Organisational Liability: Organisations carry liability for actions they take. This is especially true when it comes to actions that could be deemed negligent. Almost all organisations have been, or will be, sued, suffer a major fraud, have employees be injured or die, or be the victim of hacking or theft. These things happen daily but because no one talks about them – and because organisations try to keep them as quiet as possible – decision makers assume that they don’t happen often and the odds are that they won’t happen to them.
Personal Liability: Few decision makers understand how liable they are, both professionally and personally, when it comes to risk. Many decision makers feel they are protected by working for a limited company or charity. The organisation is separate from themselves and therefore the company might get sued or be held liable but they themselves won’t suffer damages. This is not entirely true. In the case of corporate manslaughter in the UK, someone from the company is could be arrested and go to jail – even for a short period of time. This creates a criminal record for that person. The issue could be picked up by the media with the decision maker’s name mentioned. Both of these will impact that person’s ability to continue in their role and could hurt their professional and personal lives going forward.
Employees and Team: Boards and CEOs can be viewed as the heartless ‘suits’ at the top when, in fact, they are usually incredibly caring people who are working hard to make sure the organisation is one where employees are treated, and compensated, well. They want their organisation to be successful and recognise that this lies in valuing the entire team.
Tailor your message to the decision maker
If a decision maker is very focused on finance, walk into a meeting with a prioritised budget. What is the most important thing that the organisation needs to do immediately to address risk and what is the cost of that? What is the second most important thing and the cost of that, and so on. Make the highest priority items the biggest wins for the organisation in terms of risk. Make sure that you have fully costed the items. The decision maker needs to win too and they might do that by giving you one item but not five.
If a decision maker is motivated by time, then make sure you are specific in your request for a meeting and have a clear, and rational, plan to present to them. Before you go to the meeting, make sure they know why you want the meeting and what decisions you’ll be asking them for. If they’re unable to make those decisions in the meeting ensure that you have agreement on when those decisions will be made later. Keep your meeting to the time allocated to convey to the decision maker that you value the time they have given you.

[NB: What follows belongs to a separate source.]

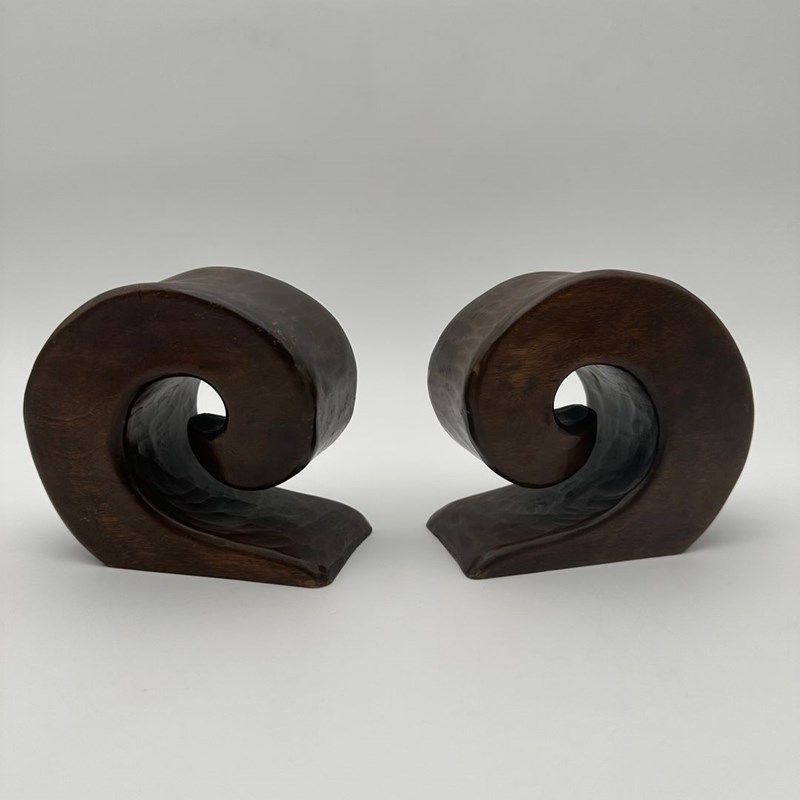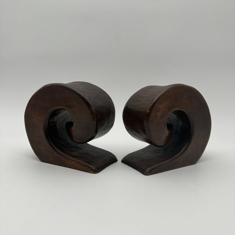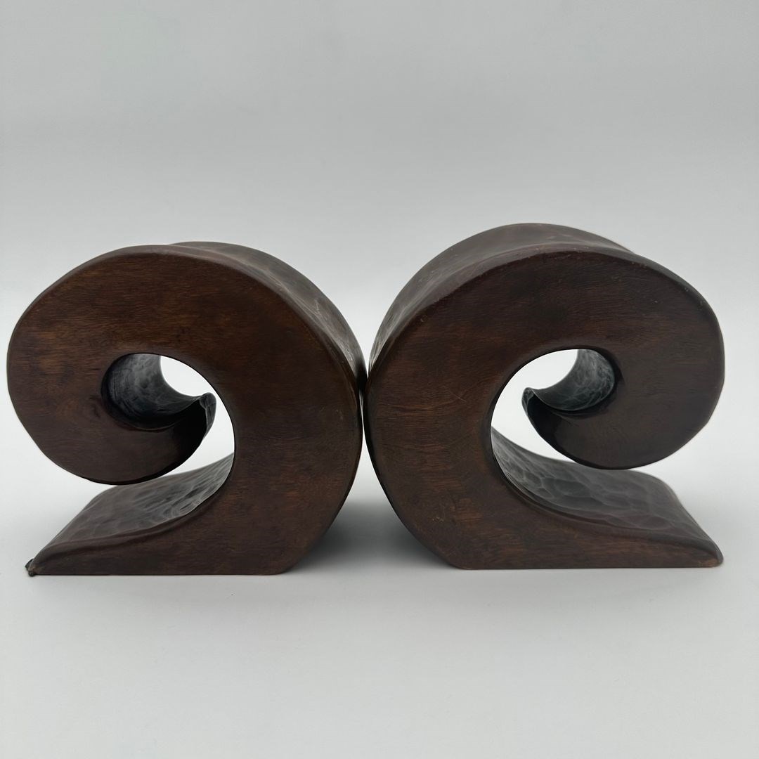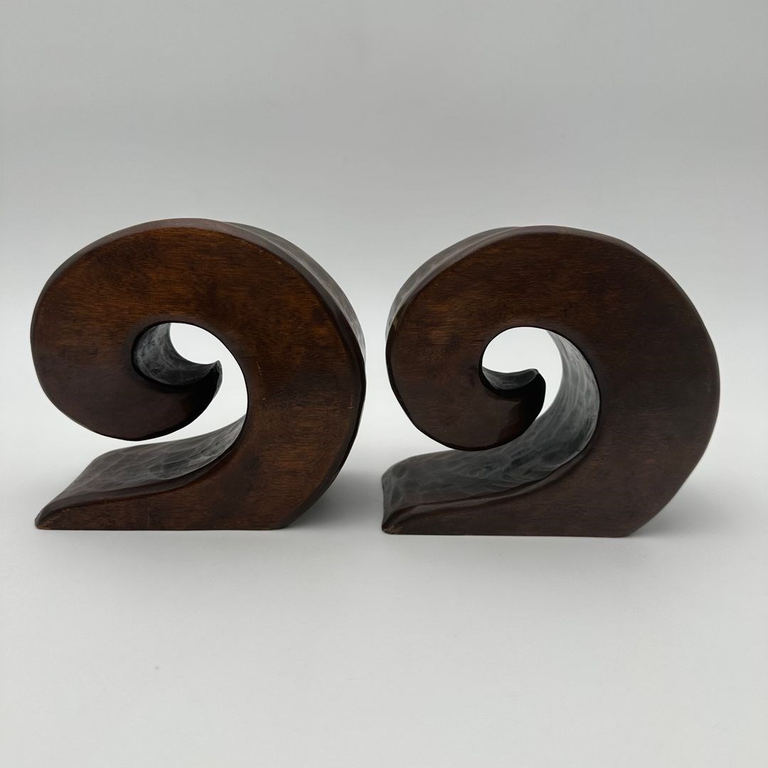 Pair Of Solid Walnut Bookends Made In The Style Of Alexandre Noll

If a decision maker is motivated by organisational, or personal, reputation and liability then make sure they are aware of what these are. Use examples from recent court cases and media to highlight the impact of ignoring risk management. Take them through what has, or could, happen if a certain threat came to pass with the system in its current state. Then, paint a clear picture of how the changes you recommend could positively impact the outcome.
If the decision maker is motivated by care for their colleagues and employees then tailor your message to be about staff care and how risk management systems will improve productivity, trust in the organisation and employee motivation.

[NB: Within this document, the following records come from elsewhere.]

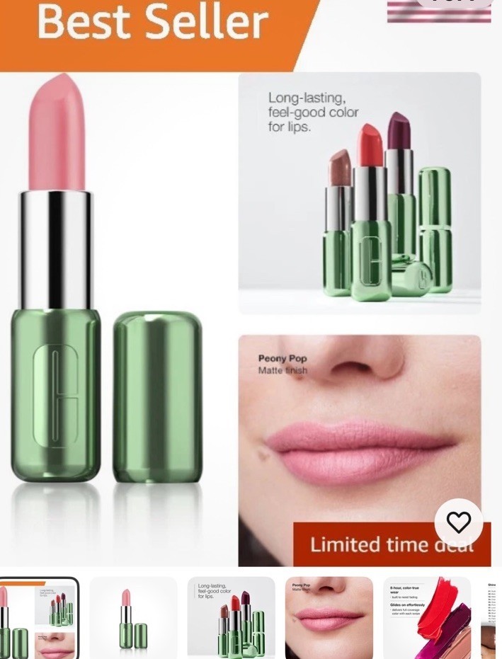 - CLINIQUE Pop Longwear Lipstick | Long Lasting, Satin, Matte + Shine 13 Peony POP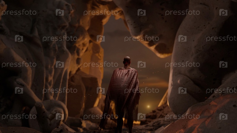 Путешественник в плаще проходит через пустынный каньон, окруженный гигантскими скульптурами древних богов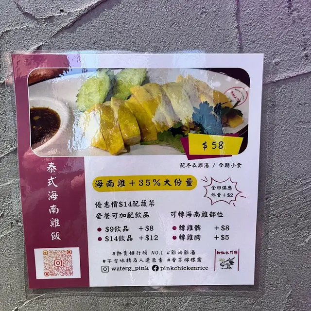 今日嘅午餐就揀咗間「粉紅色水門雞飯」出名嘅地方試吓。一入到店,嗅到嗰陣香味真係即刻餓咗,店裡面陣陣泰式香料嘅香味四溢,要點菜時我興奮到手都震😄。我點咗招牌水門雞飯,雞肉擺喺油亮亮嘅飯面頭,看起來超吸引!食嘅時候,先係雞肉,外皮烤得啱啱好,肉質嘅嫩滑同啖啖肉嘅口感真係撩撥到我嘅味蕾。伴隨嘅油飯,每粒飯都鬆軟得嚟油香四溢,根本停唔到口!佢哋嘅特製醬汁更加係錦上添花,酸酸地、微微辣味,一郁片雞,一啖飯,幾滑口👍🤤。而加嘅雞軟骨炸得香脆,椒鹽味恰到好處,啲脆感同雞味巧妙地結合,令我欲罷不能!泰式奶茶我覺得得閒仲要再試,牛奶同茶嘅味道拼合得天衣無縫,不過今次無晒,我下次會郁早少少😅。總括,「粉紅色水門雞飯」係一個味道正、地道又唔會肉貴嘅地方,食過之後真係心滿意足,仲會掛住嚟翻幾次!👌✨💯…查看更多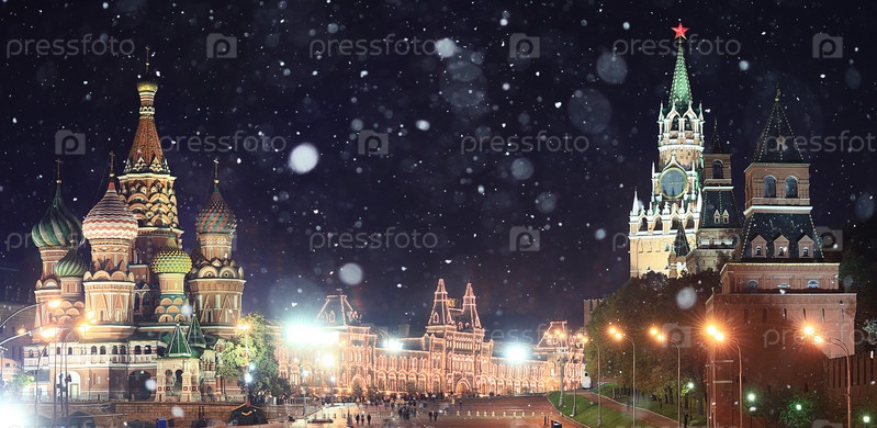Московский Кремль, российский Первый снег пейзаж
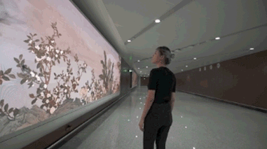 空港2階の國際線到著ロビー通路にある「帰鳥集」と「微笑みウィンドウ」は、どちらもインタラクティブな映像インスタレーション作品。「帰鳥集」は、中國の宋代花鳥畫の視覚言語を用い、精密で変化に富んだデジタル花鳥絵巻を作り上げている。

In truth, most decision makers are motivated, and constrained, to varying degrees by all these things mentioned. However, knowing their primary motivations and constraints will help you tailor your message in a way that will most likely be heard.
Unfortunately, this is not always a guarantee that you will see change. It is a sad fact that some organisations learn only by experience and it is not until there is a crisis – business shutdown, employee injury, death or kidnap, or lawsuit – that decision makers will act. If this is the case, make sure that you have protected yourself by keeping careful note of when you raised issues about risk, to whom, and the outcome. Risk realised can sink an organisation. Make sure you don’t go down with it.